Relaxin ameliorates fibrosis in experimental diabetic cardiomyopathy.

Fibrosis (extracellular matrix accumulation) is the final end point in diabetic cardiomyopathy. The current study evaluated the therapeutic effects of the antifibrotic hormone relaxin (RLX) in streptozotocin-treated transgenic mRen-2 rats, which undergo pathological and functional features similar to human diabetes. Twelve-week-old hyperglycemic mRen-2 rats, normoglycemic control rats, and animals treated with recombinant human gene-2 (H2) RLX from wk 10-12 were assessed for various measures of left ventricular (LV) fibrosis, hemodynamics, and function, while the mechanism of RLX's actions was also determined. Hyperglycemic mRen-2 rats had increased LV collagen concentration (fibrosis) and gelatinase activity (all P < 0.05 vs. controls) but equivalent levels of interstitial collagenase and tissue inhibitor of metalloproteinase-1 to that measured in control rats. The increased LV fibrosis associated with diabetic animals led to significant alterations in the E/A wave ratio and E-wave deceleration time (both P < 0.05 vs. controls) in the absence of blood pressure changes, reflective of myocardial stiffness and LV diastolic dysfunction. H2-RLX treatment of diabetic rats led to significant decreases in interstitial and total LV collagen deposition (both P < 0.05 vs. diabetic group), resulting in decreased myocardial stiffness and improved LV diastolic function, without affecting nondiabetic animals.
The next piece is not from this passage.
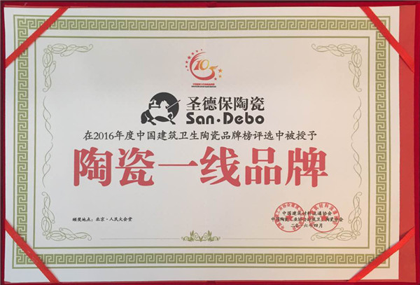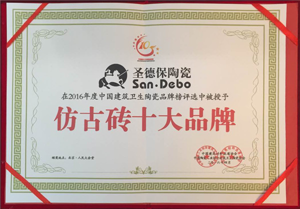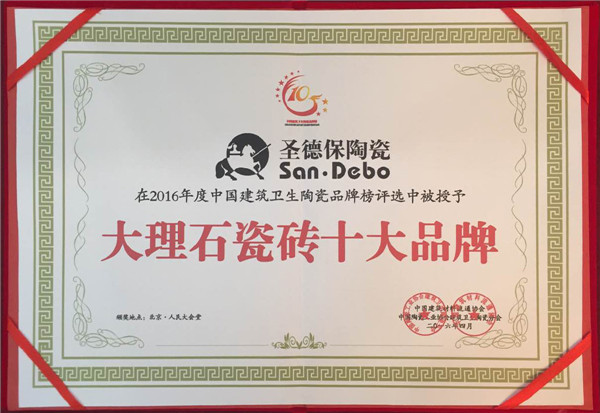 據悉,第五屆中國陶瓷榜評選是通過網絡投票得出,除了保證公正公平,還做到公開透明,讓更多的陶衛企業和消費者參與進來,主委會對項目得票數最高的前幾家企業頒發榮譽牌匾,以示肯定。圣德保陶瓷憑借著自身優質的產品,貼心的服務,良好的口碑在眾多品牌中脫穎而出,穩進前十,最終喜獲“陶瓷特色家裝品牌”、“大理石瓷磚家裝裝修設計品牌”、“仿古磚家裝裝修設計品牌”等榮譽,實至名歸。

The protective effects of H2-RLX in diabetic rats were associated with a reduction in mesenchymal cell differentiation and tissue inhibitor of metalloproteinase-1 expression in addition to a promotion of extracellular matrix-degrading matrix metalloproteinase-13 (all P < 0.05 vs. diabetic group) but were independent of blood pressure regulation. These findings demonstrate that RLX is an antifibrotic with rapid-occurring efficacy and may represent a novel therapy for the treatment of diabetes.